Brown took advantage of the loaner regional headquarters and Hudak's patronage to run even better in the 6th District — beating state Attorney General Martha Coakley by 16 points — than he did statewide en route to a 52-47 percent win in an historic upset.
The vote sends a Republican to the U.S. Senate from Massachusetts for the first time in 33 years.
Yesterday, Sen.-elect Brown returned the favor by endorsing Hudak's underdog campaign to oust Democrat John Tierney from the congressional seat he has held for 13 years.
"Bill was with us from the beginning," said Brown's endorsement statement. "Bill is not beholden to special interests and will help me bring the voice of the people to Washington."
For now, neither Tierney nor Hudak have primary opponents.
Gloucester state Sen. Bruce Tarr, who advises his state Senate Republican colleague Brown, said Tuesday's breakthrough gives Republicans everywhere a sense of real possibility that despite their registration deficit, the mass of unenrolled or independent voters are willing to consider and vote for a Republican.
"This (the Brown-Coakley) is a race that will be studied for its strategy immediately," Tarr said, "and for all history.
"The largest message of a lot of messages was, if you work hard and listen to the public, nothing is unachievable," said Tarr. "There's still a place for everyone in this democracy."
Brown drew his support from Republicans and thousands of frustrated unenrolled voters, and Republican state Rep. Brad Hill of Ipswich, whose district includes Manchester, noted that "they sent a very clear message yesterday.
"They don't like what's going on in D.C.," Hill said, and their unrest isn't likely to dissipate by November, Hill predicted.
"These people aren't just going away," Hill added.
In casting his race ahead, Hudak, 51, favors the populist, post-partisan paradigm that worked so well for his pal Brown under the special election spotlight.
"We're very like-minded," said Hudak, who lives with his family in Boxford and practices law from Saugus.
"Not that I felt alone," he said, "I was alone. When Scott entered the race, I was thrilled."
It gave Hudak a "populist feeling," he said.
Hudak says he views Tierney as a "rubber stamp" for the Democratic congressional machine, a party to the machine's effort to "impose" a national health insurance care system on the people whether they want it or not. And Hudak said he intends to remind voters that Tierney voted to raise taxes 97 times and voted with the Democratic machine 99 percent of the time.
"He's out of touch with his constituents," said Hudak.
Tarr said he knew little about Hudak except that "he's working incredibly hard, I see him everywhere."
Among his public appearances, Hudak participated in and spoke at the October fishermen's protest at Gloucester's East Coast offices of the National Marine Fisheries Service and law enforcement office of the National Oceanic and Atmospheric Administration.
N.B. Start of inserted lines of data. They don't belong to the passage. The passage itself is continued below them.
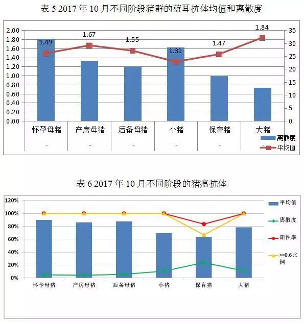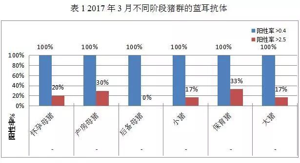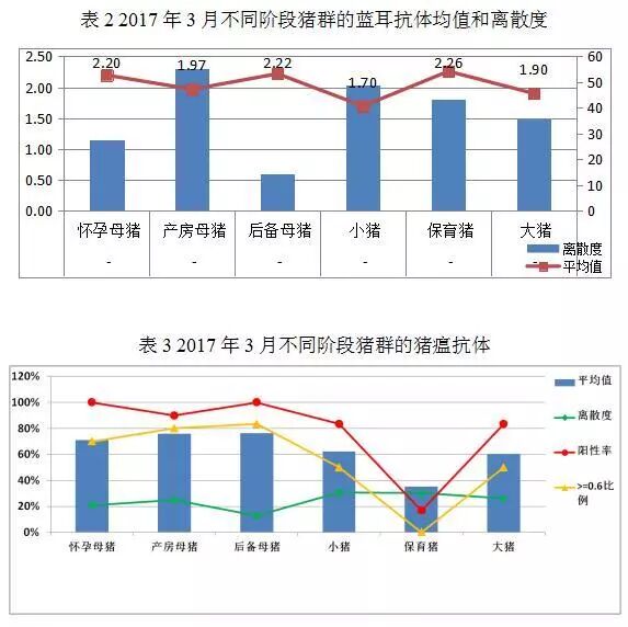 背景 广东某猪场,母猪规模600头左右。从2014年投产开始一直使用江西株蓝耳疫苗,母猪1年3次,仔猪14日龄免疫1次,猪场的生产成绩还算稳定。自从2016年底引入后备母猪以来,猪场整体的生长状态开始出现不稳定的情况,主要表现为母猪发情不正常,母猪返情比例增加,母猪死胎和木乃伊的比例增加等繁殖障碍症状。断奶后7-20日龄的仔猪出现发烧、毛松消瘦,喘气、关节肿大的比例增加,死淘率达到20%以上。使用各种药物都没有达到好的效果。 临床剖检和实验室检测分析 2017年3月,根据猪场的信息反馈和现场的了解,我们对全场不同阶段的猪群进行采血检测,并对正在发病的猪进行剖检、取样做病原分析。 剖检结果发现:全身淋巴结肿大、出血;间质性肺炎;后肢关节肿大,切开后为脓性分泌物。血清和病原检测结果见表1、2、3和图1。由表可见,蓝耳抗体最主要的问题集中在产房和保育舍,蓝耳抗体阳性率高,但是离散度较大,且S/P值大于2.5的比例较高。病原检测和测序结果显示,猪场蓝耳病原为GM2类变异毒株。另一方面,从表3可以看到,由于受到蓝耳的影响,猪场不同阶段的猪瘟抗体水平也较差,抗体合格率偏低。结合猪场的生产情况和实验室检测结果,判定猪场为蓝耳活跃场。 解决方案 针对场内的发病情况,我们制定了个性化的防控方案。方案为: 1、新生仔猪出生24小时内肌注0.5头份(GDr180),10日龄肌注1头份(GDr180); 2、全场母猪药物保健一周后,不同阶段的母猪小范围试用,肌注1头份,观察7天。无不良反应,全群普免1头份,一个月后加强免疫1头份,随后3次/年。 使用效果和方案改进 母猪和仔猪使用疫苗后均取得了较为显著的效果。但是,据场长反映,保育舍仍是有较大比例的发热情况,死淘率较高(10%左右)。针对猪场的情况,我们再次进入生产区发现,保育舍的通风降温效果极差,舍内温度最高时可达35度以上(正值广东炎热的夏季),而且由于栏舍不足,猪群饲养密度过大。 针对所发现的问题,我们建议必须改善保育舍的通风降温效果(如安装风机和水帘),另外减低饲养密度,改善保育猪的饲养环境。 跟踪回访 2017年10月,我们再次给猪场提供血清检测服务。从检测报告来看(见表4、5和6),经过半年来GDr180蓝耳疫苗的使用,以及猪场生产管理和硬件设施的改善。猪群整体的蓝耳抗体水平都有了明显的改善。更重要的是,猪场的生产状况得到了较大的提升。另外,从表6可以看到,在没有变动猪瘟疫苗及其免疫程序的情况下,猪群整体的猪瘟抗体水平与半年前相比也有了明显的提升,猪瘟抗体的合格率基本达到90%以上。由此可见,当猪场出现蓝耳不稳定的时候,往往会对猪瘟疫苗的免疫效果造成较大的影响,严重时甚至会表现出一些猪瘟发病的症状。 GDr180免疫半年后保育猪长势良好,发病猪明显减少 小 结 众所周知,猪蓝耳病(PRRS)是免疫抑制性疾病,不仅会严重影响猪的生长性能,而且还会影响其他疫苗(如猪瘟)的免疫效果,而从这个猪场的蓝耳使用经验来看,要想蓝耳疫苗达到我们预期的效果,必须充分了解猪场的整体情况,选用安全高效的蓝耳疫苗(GDr180),制定合理的免疫程序,还要给猪场提供改善生产管理和生物安全等全面综合的防控方案。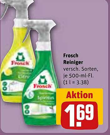 Entdecken Sie das großartige Frosch Reiniger Angebot im neuesten REWE Prospekt. Neben diesem Angebot finden Sie noch viele weitere attraktive Rabatte. Sie können das Frosch Reiniger einfach online über die REWE Website bestellen oder in einem Geschäft in Ihrer Nähe kaufen.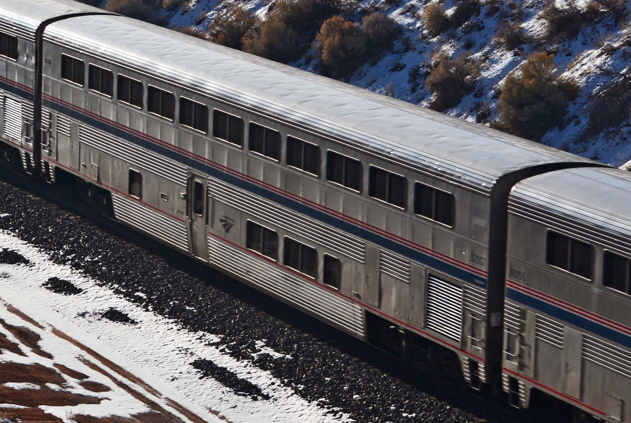 Transition sleeper 39026 on train No. 5, leaving Denver on 12/16/2014. |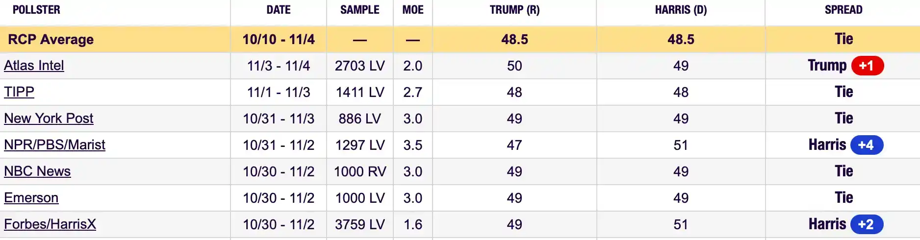 副总统哈里斯在最新的民调数据中的反超趋势进一步强化,分别在 PBS 新闻 Marist、福布斯新闻 HarrisX 等媒体平台的民调数据中以 51:47 和 51:49 的优势领先特朗普,而二人在 NBC 新闻、纽约邮报等平台仍以 49:49 持平,局势发展仍待今日进一步观察。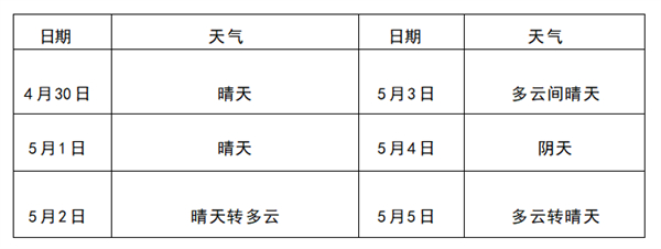 預(yù)計(jì)“五一”期間我市川道地區(qū)最低氣溫13~19℃,最高氣溫32~36℃,高山地區(qū)最低氣溫10~14℃,最高氣溫29~32℃。

Hudak and Brown also share a commitment to the fishing industry.
Tarr said that, "knowing Scott," he would not be surprised if Brown — U.S. Sen. Brown, by then — appears on the steps of the Capitol with a much larger contingent from the industry flung from places as far as Maine and the Gulf of Mexico during a Feb. 24 national demonstration. The protest is aimed at promoting flexibility in the Magnsuon-Stevenson Act fishing regulatory act.
"He's committed to being an ally for us in the struggle that lies ahead," said Tarr.